In the mission, word had come through that the Enid,and all hands, was missing. Martha, Lillian and Willy’s daughter, started waiting on the same day every week for the provision truck. S
he would leave her school duties early on that day and sit under the big tree in the centre of the mission, where all the visitors stopped. She spread a blanket and sat in the shade hours before the truck was due. The younger children, who weren’t at the school yet, thought this was comical at first, and a good excuse for teasing. But Martha gave one of them a good thrashing for pestering her too much. Too thorough, his mother thought grimly. In other circumstances she would have fronted up to the girl, or the girl’s mother, to seek justice—to see that the girl also got a belting from her mother, or to belt the mother herself. But the girl’s family was having a bad time and had enough grief before them.
After the bashing incident, the little children left Martha alone. But later, some of them forgave her her temper, and quietly started to keep her company. They would sneak onto her blanket and sidle up to her, leaning gently against her silent form. Knowing she was sad, they imitated the comfort that adults gave them when they were sad. They sat with her only for short times and then they would get bored and take off to play, screaming and running, full of life.
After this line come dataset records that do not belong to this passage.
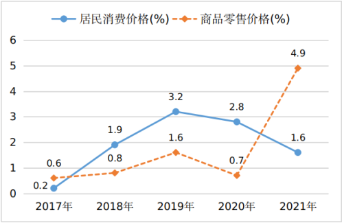 图2 2017-2021年全市居民消费价格及商品零售价格涨幅
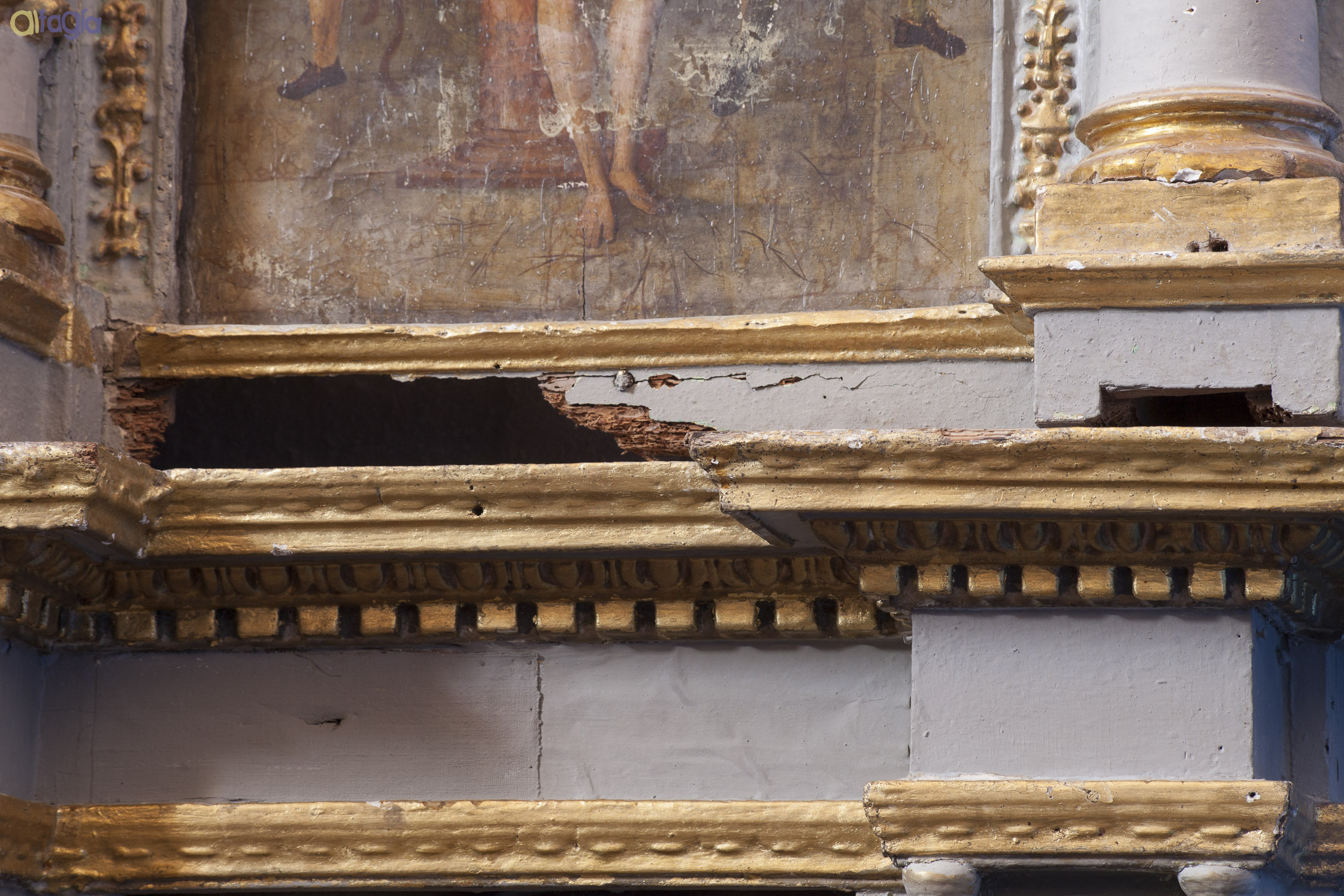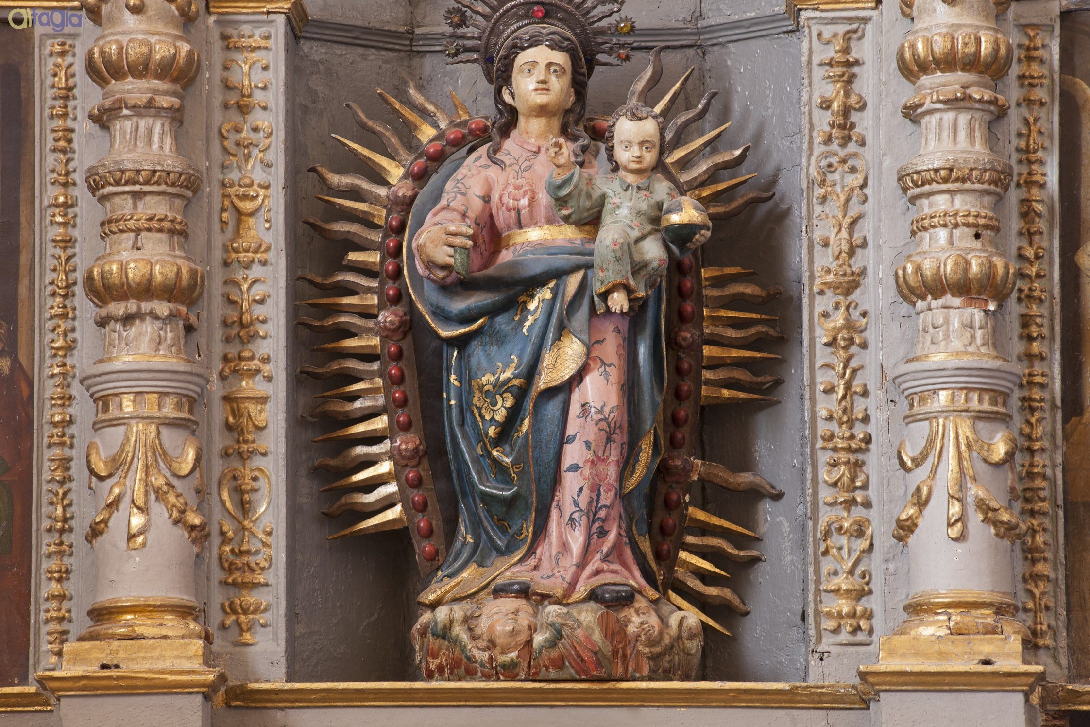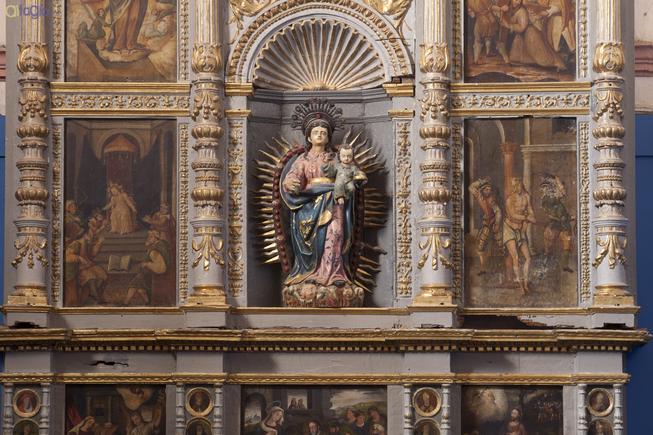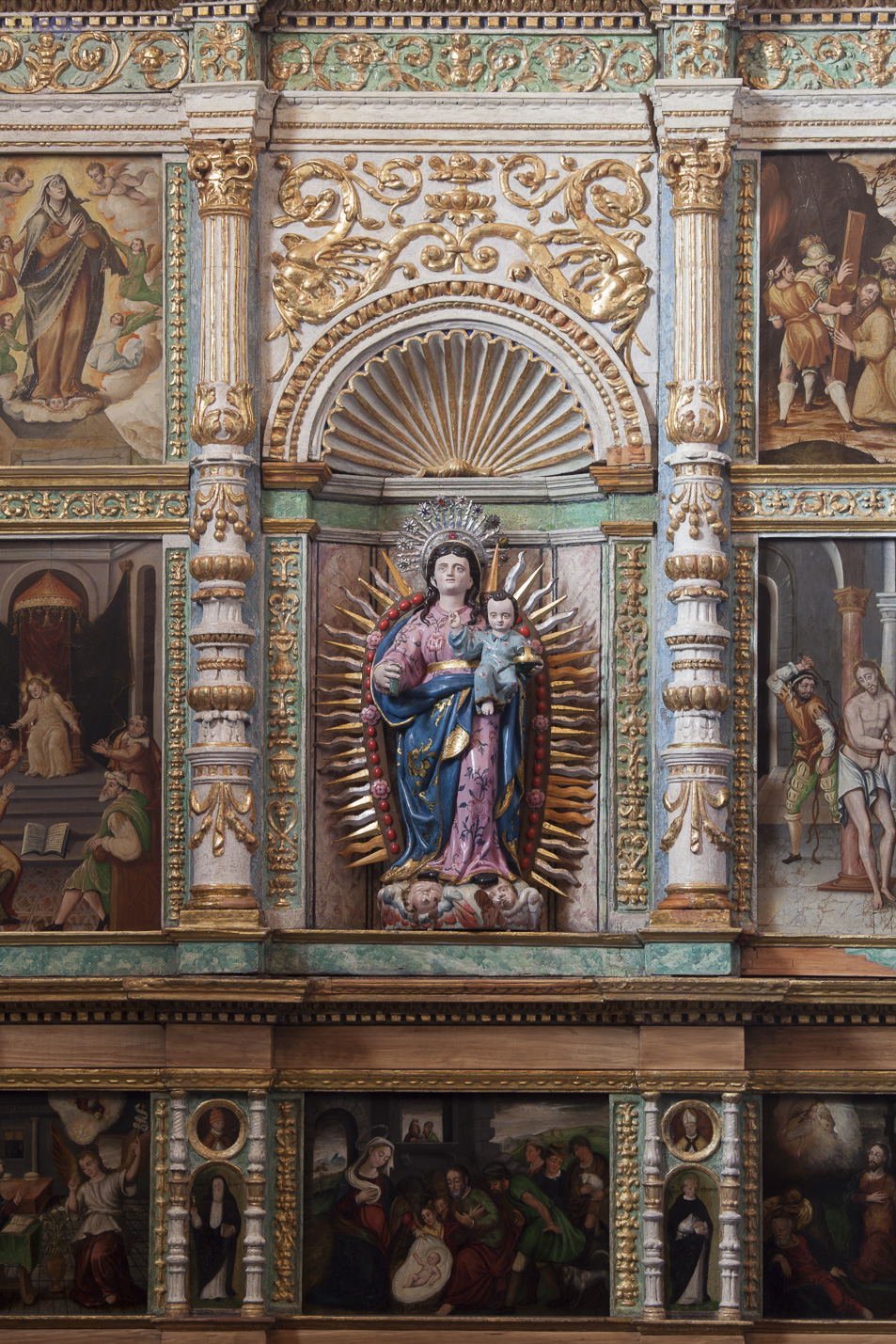 Las pinturas del cuerpo central completan los episodios relativos a la vida de Jesús junto a la Asunción de María y la talla de la imagen titular, la Virgen del Rosario. Las pinturas conservaban en su reverso el nombre manuscrito de sus títulos: La disputa en el templo del niño Jesús, El azotamiento en la columna, Llevamiento de la cruz, y Asunción de Ntra. Señora.
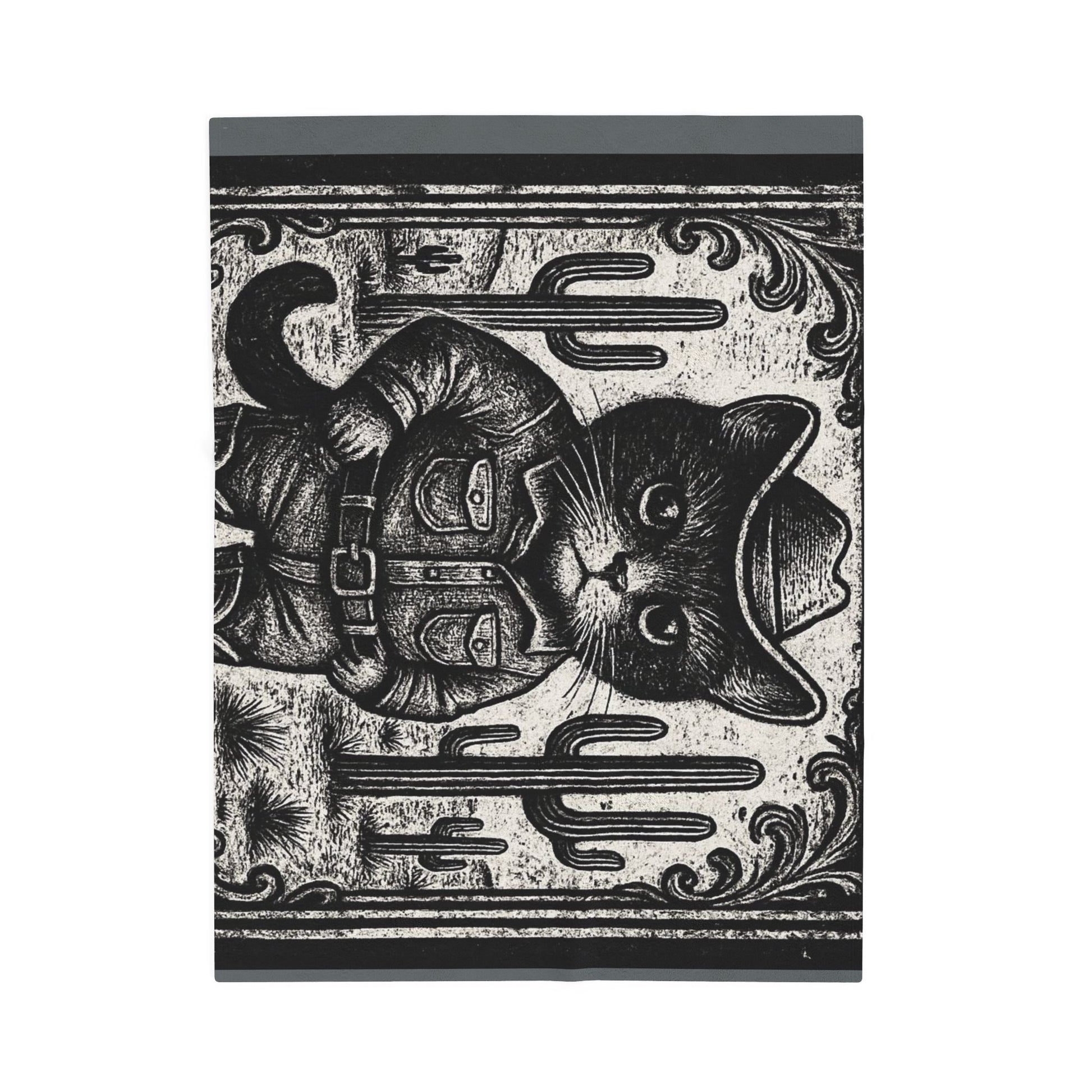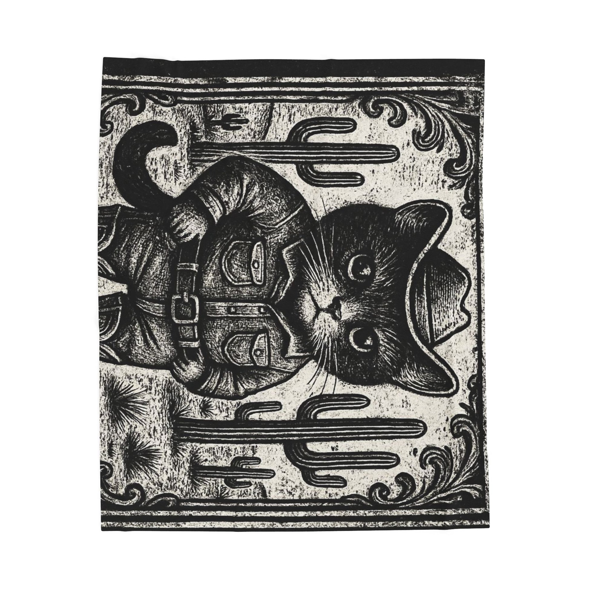 Black Cat Cowboy illustration Velveteen Plush Blanket | Western kitten art, vintage woodcut style
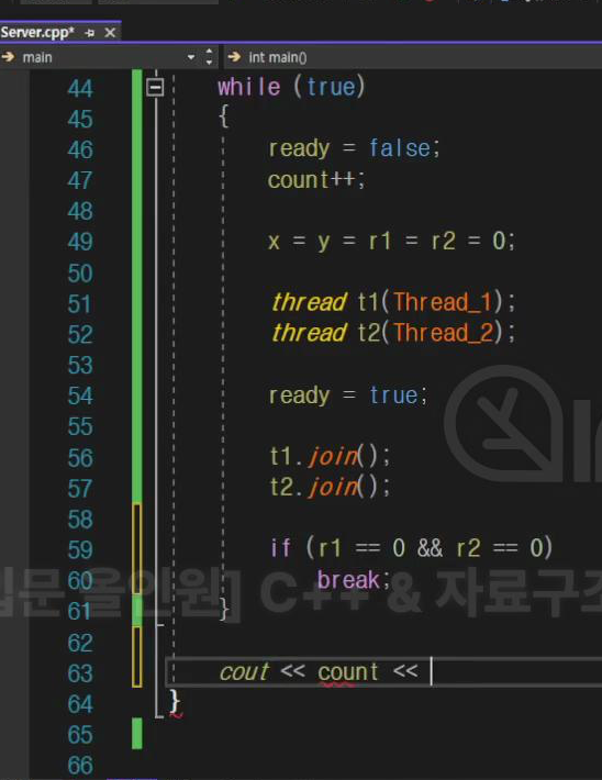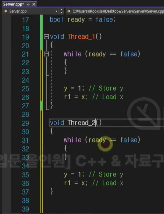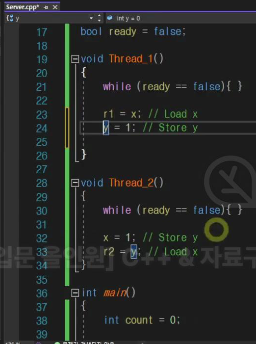 이건 cpu가 명령어를 뒤집어버려서 코드가 끝까지 실행되는 것 (멀티 스레드 환경)
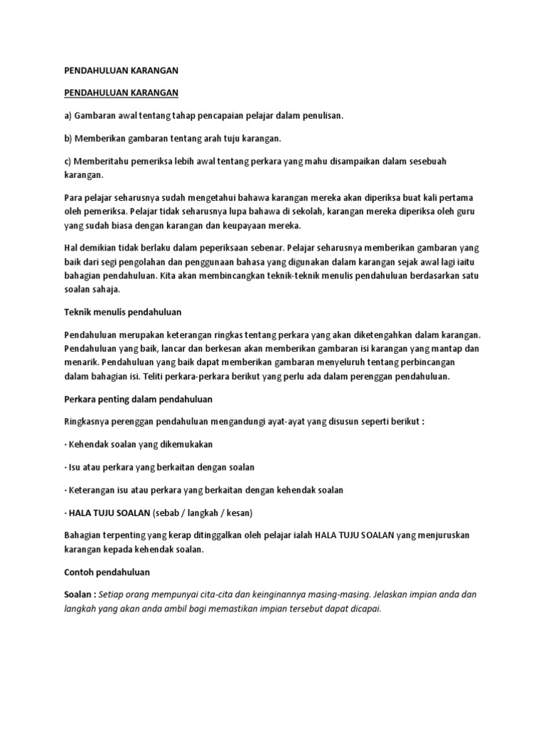 Tidak memasukkan isi karangan dalam pendahuluan. Pelajar akan dibekalkan dengan pelbagai jenis formula yang membantu untuk menghasilkan pendahuluan karangan yang menarik dan menulis isi karangan yang memenuhi kehendak skema supaya mudah untuk mendapat markah. Panduan Menulis Karangan Secara Keseluruhan So we all know that we are encouraged to write 400 words for Karangan A and 800 words for Karangan B.

Each week, on the same afternoon, the nuns would see Martha sitting under the same tree. The nuns discussed the situation and decided it was best that Martha continue her hopeless vigil. She was advanced in class, and the missed school afternoons could be afforded. Better this wait than that uncomfortable wild grief and anger that would certainly come. The nuns were fearful to mention Willy’s name, not only out of respect, for cultural reasons, but also because they might provoke the madness they saw in the girl. In the first week after hearing the Enid might be missing, Martha had gone mad, rushing around screaming and shouting, blaming the missionaries and the mission people for his disappearance. To her mind, they made him dead by believing it and saying it out loud. There was no point trying to talk sense to the girl, or taking a firm hand with her, she just became more agitated and aggressive. Once it had taken two of her uncles to hold her down during a fit of rage, and they had dragged her off to old Jurud’s place. It was not right. She had confronted Father Max in the meat cool room, threatening to assault him because it was he who had brought the news back from Broome! Lillian, Martha’s mother, was paralysed with shock and grief, but even without this tragedy, she would not have been any help. Lillian had always been soft; they had all protected her from the day she arrived at the mission. Martha was always a strong personality, but this behaviour was not right. The other women were looking after Lillian’s young children and house. Young Mary, the eldest girl, seemed to be the only capable one in the family. Everything had changed in the instant it was known Willy was not coming home.